▶ **PROBLEM DETAILS**
Output each line of the listing exactly, though pictures are not to appear.

▶ **DATASET EXTRACT**
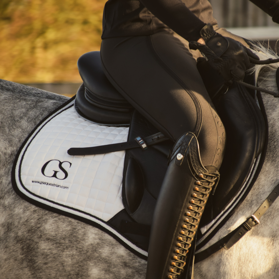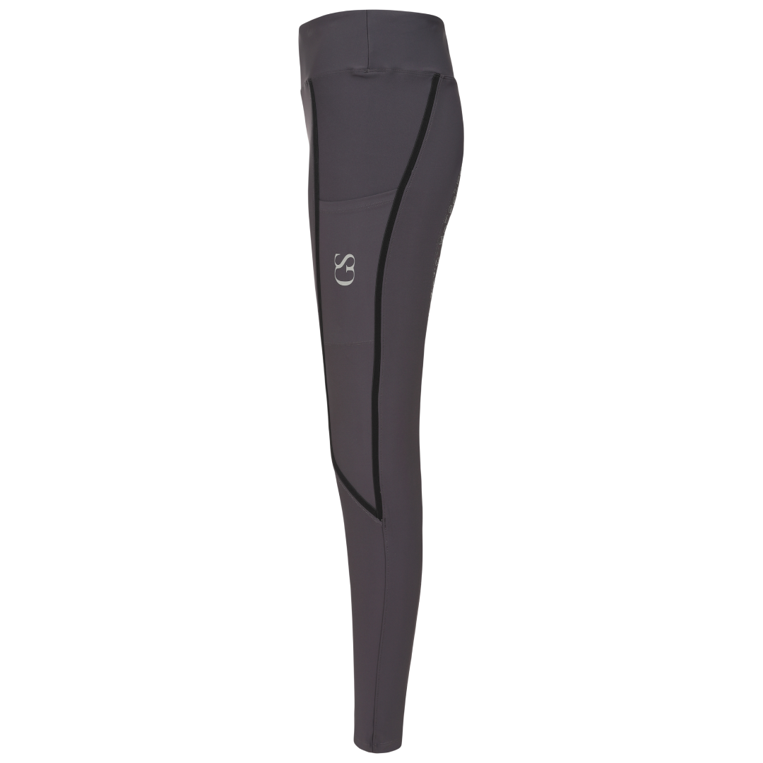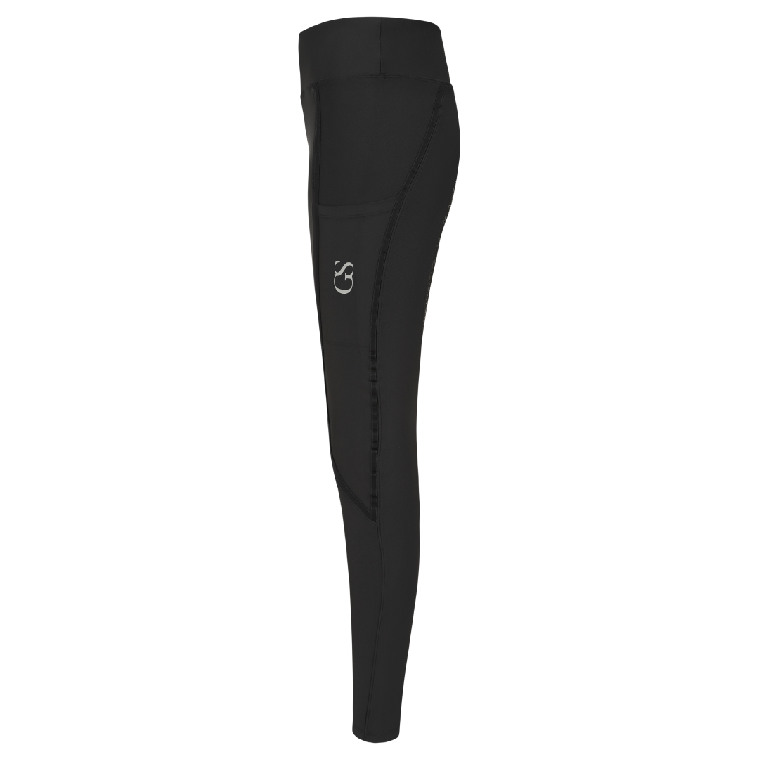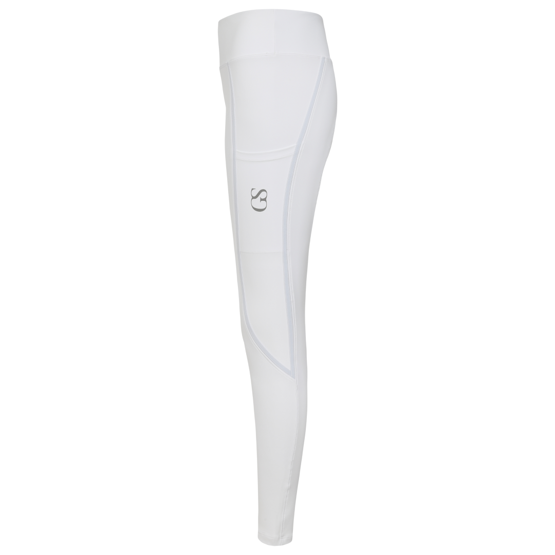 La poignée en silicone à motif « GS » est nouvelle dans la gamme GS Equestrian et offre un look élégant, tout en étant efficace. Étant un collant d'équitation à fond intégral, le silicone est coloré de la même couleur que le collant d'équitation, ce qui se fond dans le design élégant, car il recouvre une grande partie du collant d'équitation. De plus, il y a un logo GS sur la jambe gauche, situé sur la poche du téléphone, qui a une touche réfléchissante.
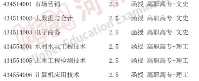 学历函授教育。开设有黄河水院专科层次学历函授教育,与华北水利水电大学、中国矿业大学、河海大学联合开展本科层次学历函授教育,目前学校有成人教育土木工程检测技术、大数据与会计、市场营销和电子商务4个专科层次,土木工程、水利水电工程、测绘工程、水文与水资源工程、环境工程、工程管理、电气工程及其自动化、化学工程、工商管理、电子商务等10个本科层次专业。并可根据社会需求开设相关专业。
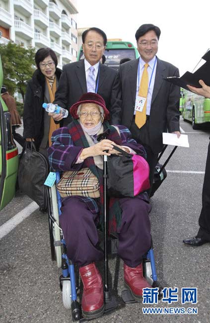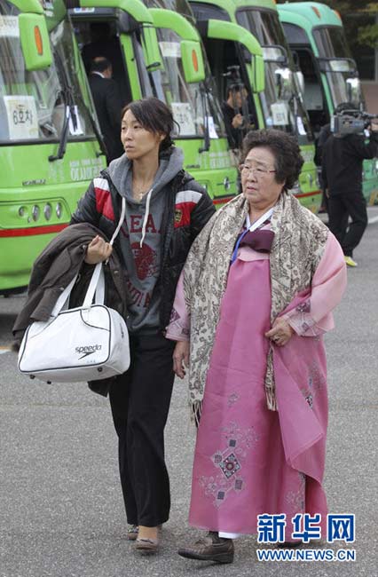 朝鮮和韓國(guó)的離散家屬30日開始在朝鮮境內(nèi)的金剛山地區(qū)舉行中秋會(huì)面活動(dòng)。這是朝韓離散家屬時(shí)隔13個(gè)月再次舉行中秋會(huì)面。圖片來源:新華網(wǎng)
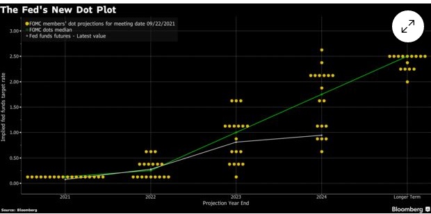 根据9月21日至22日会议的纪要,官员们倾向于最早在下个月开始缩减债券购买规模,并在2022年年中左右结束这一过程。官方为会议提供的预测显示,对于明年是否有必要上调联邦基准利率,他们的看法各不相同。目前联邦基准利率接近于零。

▶ **ANSWER FOR THIS EXERCISE**
 La poignée en silicone à motif « GS » est nouvelle dans la gamme GS Equestrian et offre un look élégant, tout en étant efficace. Étant un collant d'équitation à fond intégral, le silicone est coloré de la même couleur que le collant d'équitation, ce qui se fond dans le design élégant, car il recouvre une grande partie du collant d'équitation. De plus, il y a un logo GS sur la jambe gauche, situé sur la poche du téléphone, qui a une touche réfléchissante.
 学历函授教育。开设有黄河水院专科层次学历函授教育,与华北水利水电大学、中国矿业大学、河海大学联合开展本科层次学历函授教育,目前学校有成人教育土木工程检测技术、大数据与会计、市场营销和电子商务4个专科层次,土木工程、水利水电工程、测绘工程、水文与水资源工程、环境工程、工程管理、电气工程及其自动化、化学工程、工商管理、电子商务等10个本科层次专业。并可根据社会需求开设相关专业。
 朝鮮和韓國(guó)的離散家屬30日開始在朝鮮境內(nèi)的金剛山地區(qū)舉行中秋會(huì)面活動(dòng)。這是朝韓離散家屬時(shí)隔13個(gè)月再次舉行中秋會(huì)面。圖片來源:新華網(wǎng)
 根据9月21日至22日会议的纪要,官员们倾向于最早在下个月开始缩减债券购买规模,并在2022年年中左右结束这一过程。官方为会议提供的预测显示,对于明年是否有必要上调联邦基准利率,他们的看法各不相同。目前联邦基准利率接近于零。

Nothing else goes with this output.